Должно быть. Она отправила за мной брата Оуэна, Пита, решив, что он тоже наверняка окажется в машине. Хоть я и была осторожной и никогда не говорила вслух о своих чувствах к нему, сестра, видимо, всегда знала. От нее ничего нельзя скрыть, точно нет, – не это ли она хотела мне сейчас сказать?
Руби наверняка знала, что я буду сидеть всего в нескольких дюймах от него, на протяжении всей дороги до карьера, сколько времени она бы ни заняла. Что, может, я заговорю с ним, и он поддержит разговор. Я даже видела в воздухе над сиденьем рядом со мной ее улыбку, самодовольную и радостную.
Но только было кое-что, чего Руби не знала точно. Что даже она не в силах сделать так, чтобы я понравилась Оуэну.
– Оу, – сказал Пит, – помнишь Хлою? Сестру Руби?

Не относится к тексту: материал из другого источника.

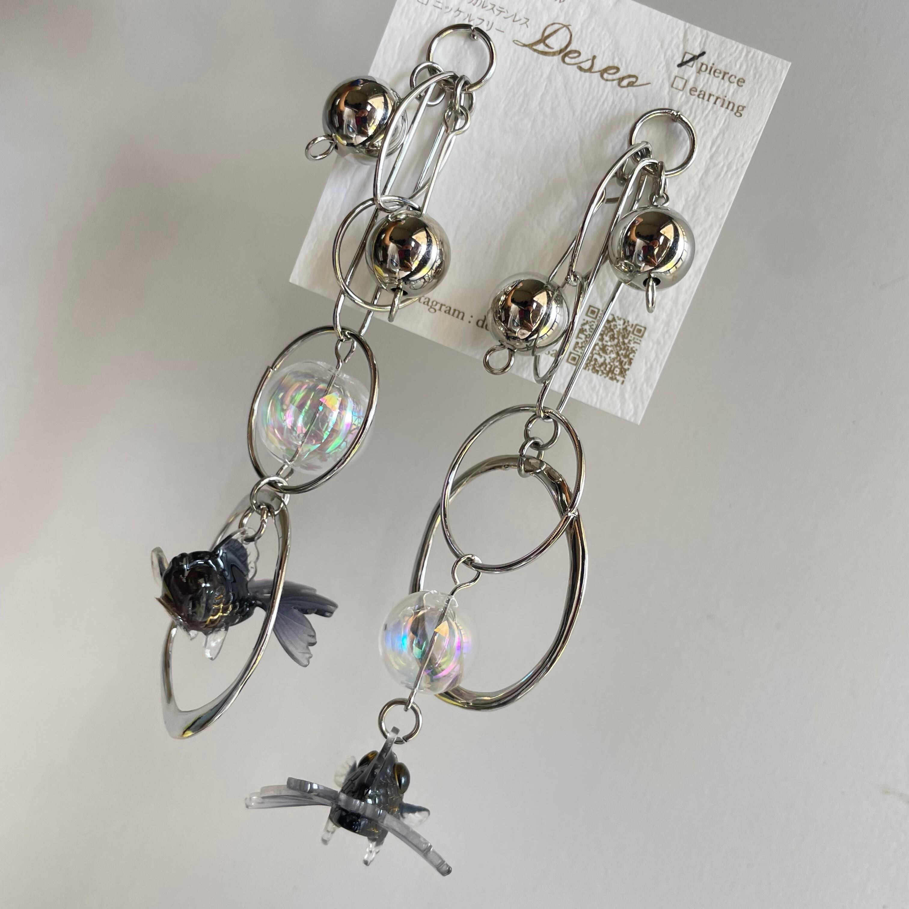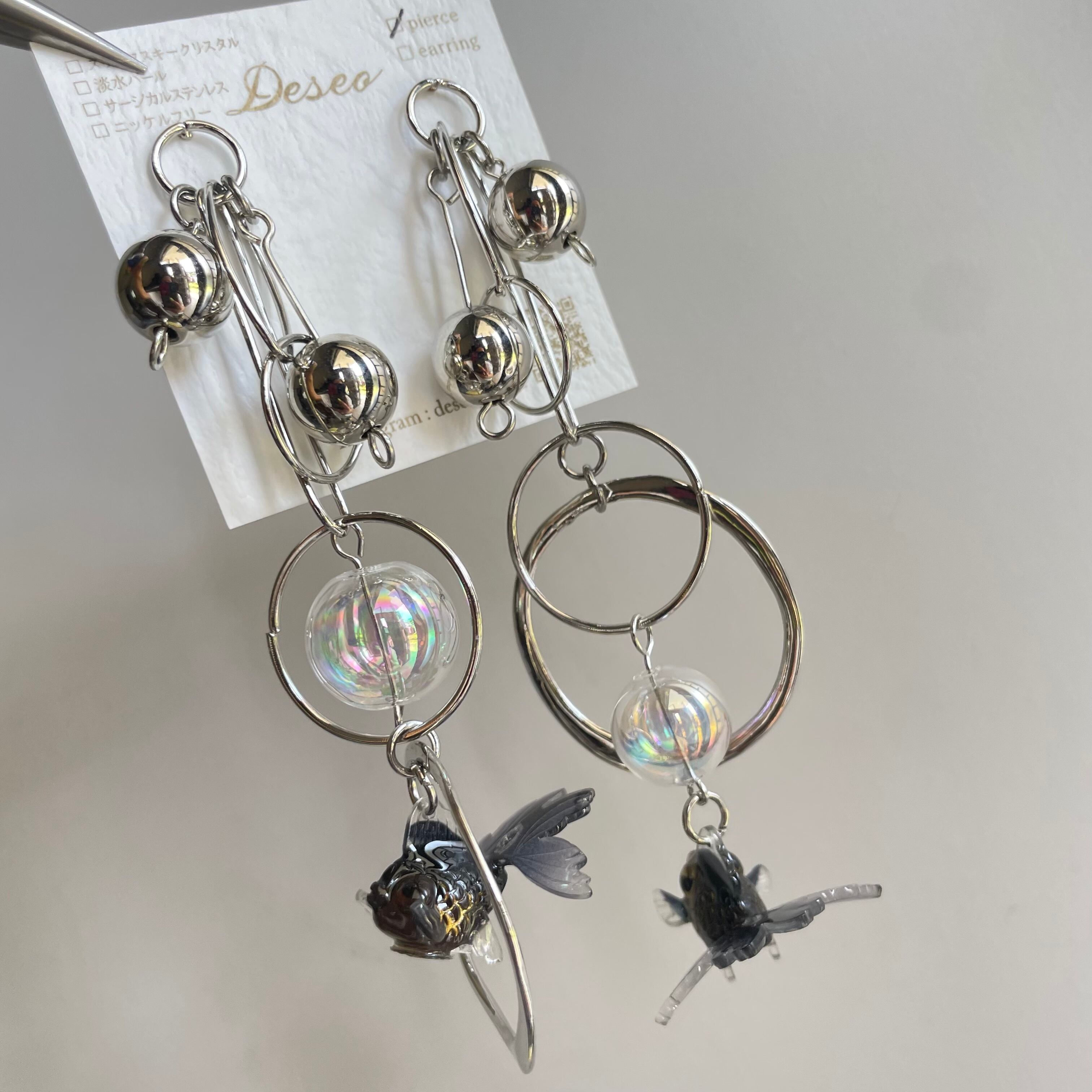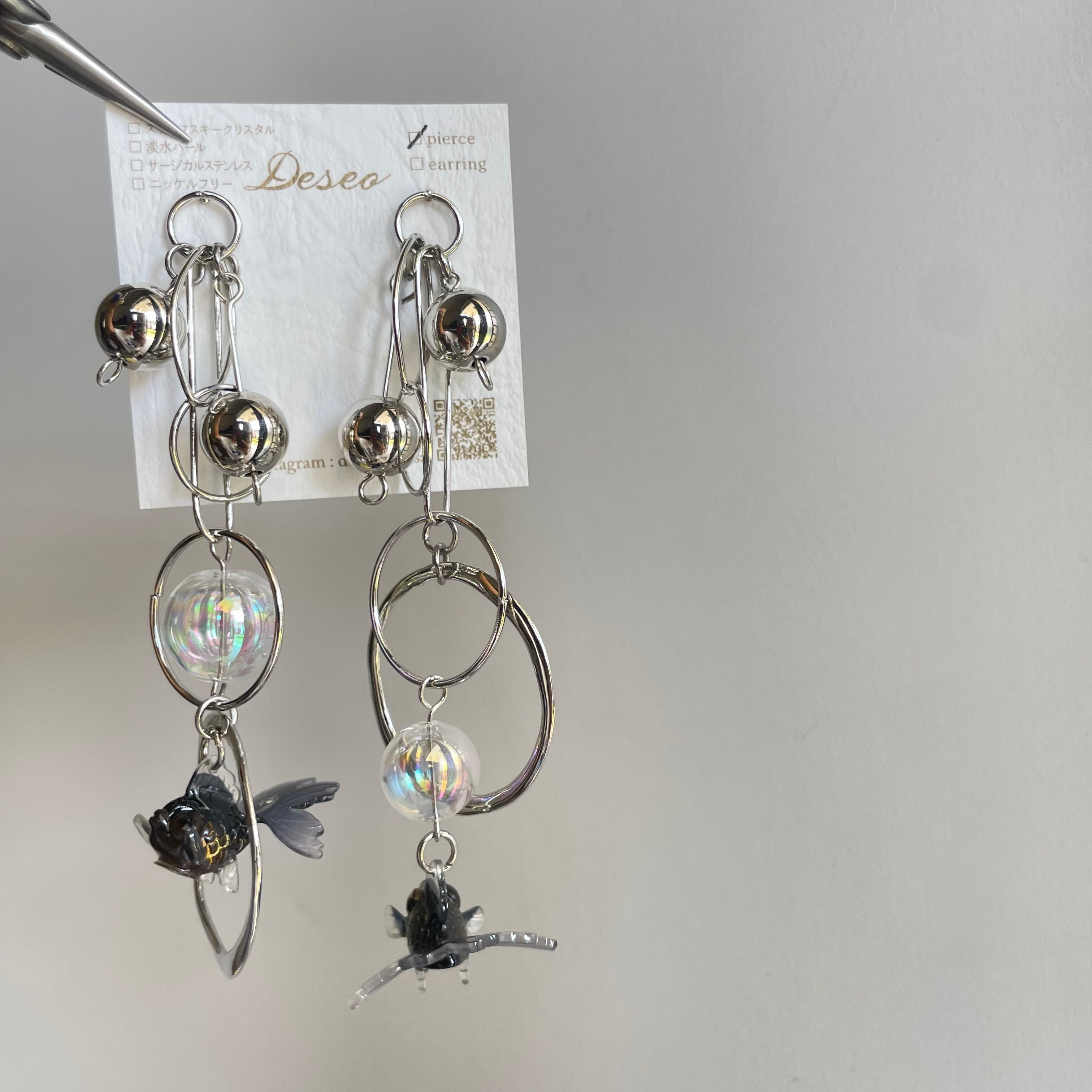 金魚✨シルバー×ブラック金魚★金魚ピアス NO.281

Оуэн ответил лишь через секунду. Он вздохнул, и я не была уверена в том, как это понимать – то ли как раздражение, то ли как невнятное подтверждение, кто его знает. А потом, словно это стоило ему огромных усилий, он повернул голову буквально на миллиметр и сказал мне одно слово, всего лишь одно:
– Привет.
Оуэн не шевелился, и мне было видно только часть его профиля и затылок. Пока меня не было, он, должно быть, отказался от очередного ирокеза и отрастил волосы – они торчали в разные стороны, где-то длиннее, где-то короче. Но было темно и не видно, в какой цвет он красит их сейчас.